Капитан дозора беззастенчиво принял лесть. Он выставил свою огромную бороду, как таран; поднял волосатые, жилистые руки.
– Я воистину мудр, – спокойно признал он. – Пусть тот, чей это кошелек, скажет, что в нем. А теперь, Таджи Хан, так как вы утверждаете, что это ваш кошелек, полагаю, вы скажете мне, что его содержимое – это…
– С удовольствием! Легко! Без труда! – раздался ответ торжествующего купца. – В моем кошельке три золотых томана из Персии, один сколот с края; яркий, резной, серебряный меджиди из Стамбула; восемнадцать разных золотых монеток из Бухары, Хивы и Самарканда; кандарин в форме башмака из Пекина; горсть мелких монет из земли франков – да будут прокляты все неверующие! Дайте мне кошелек! Он мой!
– Секундочку, – сказал капитан. Он повернулся к Ахмеду: – Теперь скажите вы, что находится в кошельке.
– Что ж, – сказал Багдадский Вор. – Он пуст.
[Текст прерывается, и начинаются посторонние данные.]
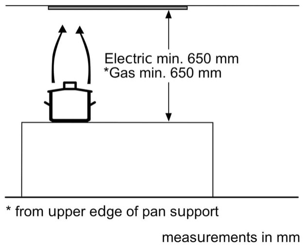 Стандартное расстояние между встраиваемыми или купольными вытяжками и варочной поверхностью должно составлять 65–75 см для электрических и индукционных варочных панелей, и 75–85 см для газовых плит. Для популярных наклонных моделей расстояние от их нижнего края до варочной поверхности может быть уменьшено до 35–45 см для электрических и индукционных устройств и до 55–65 см для газовых.

В нем совсем ничего нет, о великий владыка! – И открыв кошелек и вывернув его наизнанку: – Вот доказательство! – Но он держал свою правую ногу очень ровно, чтобы украденные деньги, которые он опустил в мешковатые штаны, не гремели об остальную добычу, тем самым не выдав его.
В толпе раздался смех. Буйный, преувеличенный, высокий, восточный смех, теперь он заглушил слова капитана:
– Вы сказали правду, молодой человек!
Мужчина нагло и бесстыдно подмигнул Ахмеду. Год или два назад он взял взаймы у Таджи Хана некоторую сумму денег, и первого числа каждого месяца выплачивал высокие проценты и существенные взносы, и, благодаря неким чудесным расчетам, был не в состоянии уменьшить основную сумму.
Он обратился к купцу с сокрушительными, сухими словами:
– Помни, о хранитель, которому пророк Мухаммед – благословения и мир ему! – завещал честность как очаровательную и важную добродетель! Нет-нет… – отмахнулся он, когда Таджи Хан хотел взорваться потоком горьких возражений. – Помни, более того, что язык – враг шеи!
С такой загадочной угрозой он важно ушел, тыкая наконечником сабли в каменную мостовую, в то время как Багдадский Вор оскорбительно «показал нос» разъяренному купцу и повернул на запад через площадь к базару Гончаров.
Ахмед радовался себе, солнечному свету и всему миру. У него были деньги! Деньги, которые будут с радостью приняты его дружком – стариком, который впервые посвятил его в уважаемую Гильдию Багдадских Воров и научил его трюкам и принципам древнейшей профессии.
Сегодня Ахмед стал вором более великим, чем его бывший учитель. Но он все равно любил его, некоего Хассана эль-Турка, прозванного Птицей Зла из-за его тощей шеи, когтистых рук, носа, похожего на клюв попугая, и маленьких, фиолетово-черных глаз; и он все делил с ним.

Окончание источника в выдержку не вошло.